Search code examples
pythonpymupdf

Why is the MuPDF MediaBox of a page smaller than a contained image?


For this example PDF, I did this:

import fitz

doc = fitz.open("PDF-export-example-image-ocr.pdf")

print(f"(1) {doc[0].bound()=}")
print(f"(2) {doc[0].MediaBox=}")
print(f"(3) {doc[0].getImageList()}")


doc.close()

which gives:

(1) doc[0].bound()=Rect(0.0, 0.0, 612.0399780273438, 792.530029296875)

(2) doc[0].MediaBox=Rect(0.0, 0.0, 612.0399780273438, 792.530029296875)

(3) [(15, 0, 1275, 1651, 8, 'DeviceRGB', '', 'R12', 'DCTDecode')]

I expected (1) and (2) to be the same, although I don't understand why there are two ways to get the same.

What I don't understand is why the value of the image in (3) is so much bigger than the page on which it is.
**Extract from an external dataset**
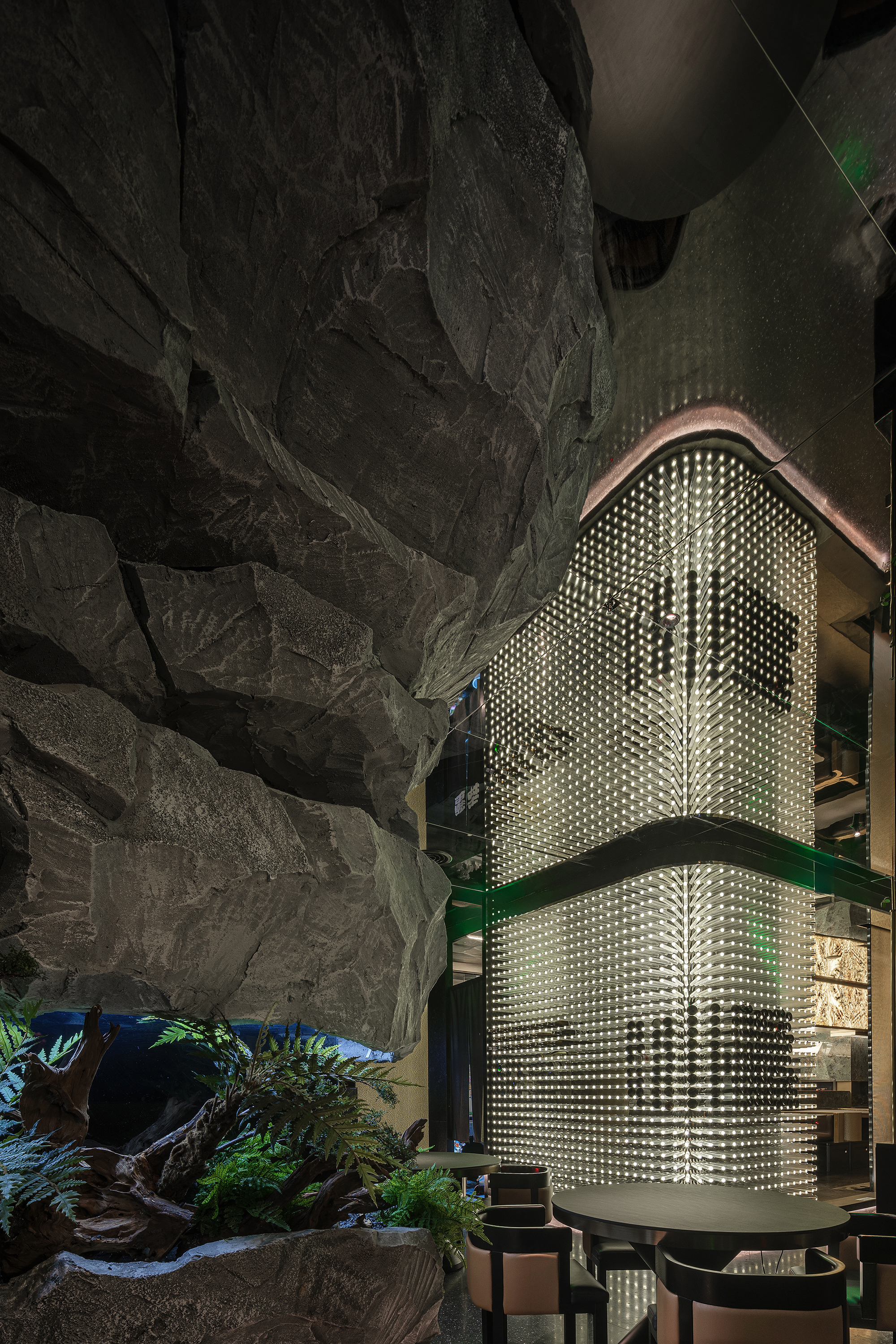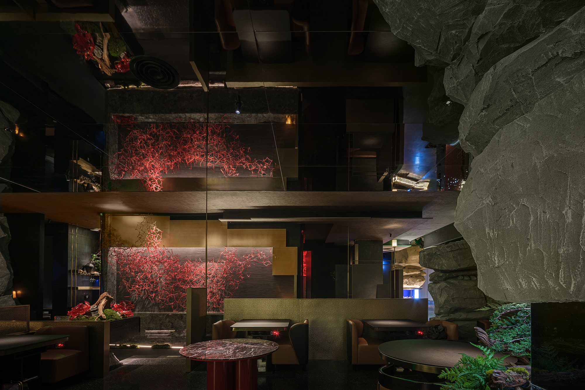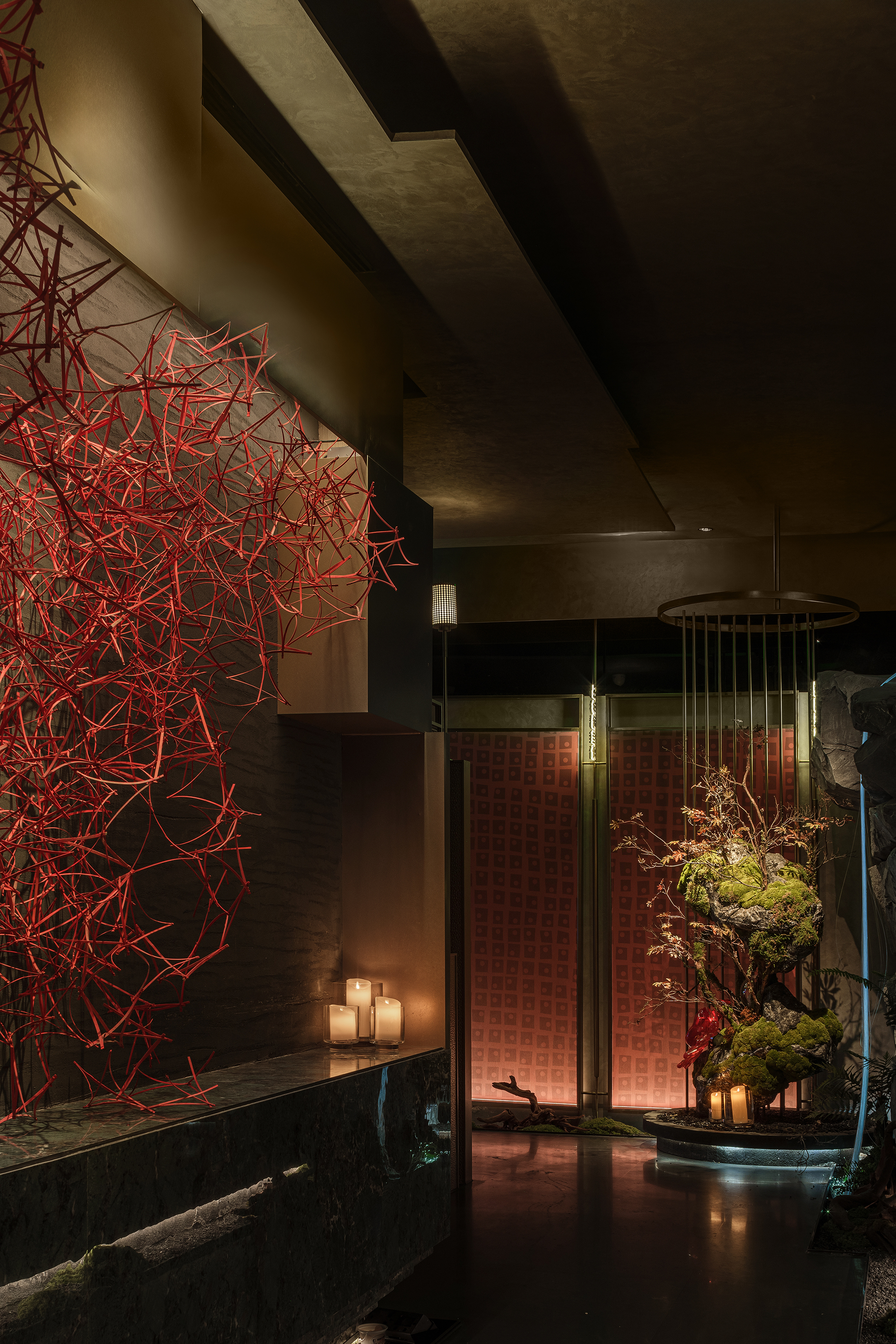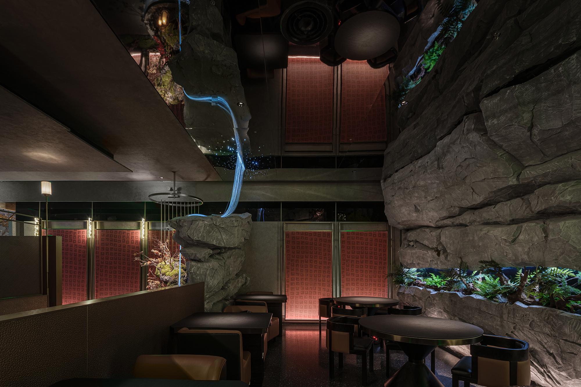 嶙峋山石如春山破墙而来,光纤水瀑似钱塘浪涛奔涌,镜面天花将这野趣盛景加倍铺展,恍若游宴时的“水天共色”红韵装置似花潮涌动,与暗金桌椅的雅致碰撞;奢石吧台泛着沉绿光泽,与花树装置的明艳交辉,恰似“花娇柳娜”的春景落进了繁华场。

Can somebody explain that?


Solution

  • The image size you see is how many pixels are in the embedded JPEG image resource. That has literally zero effect on how big the image is going to be when drawn on the page. The physical size of the image on the page is entirely decided by the page content stream commands that draw the image.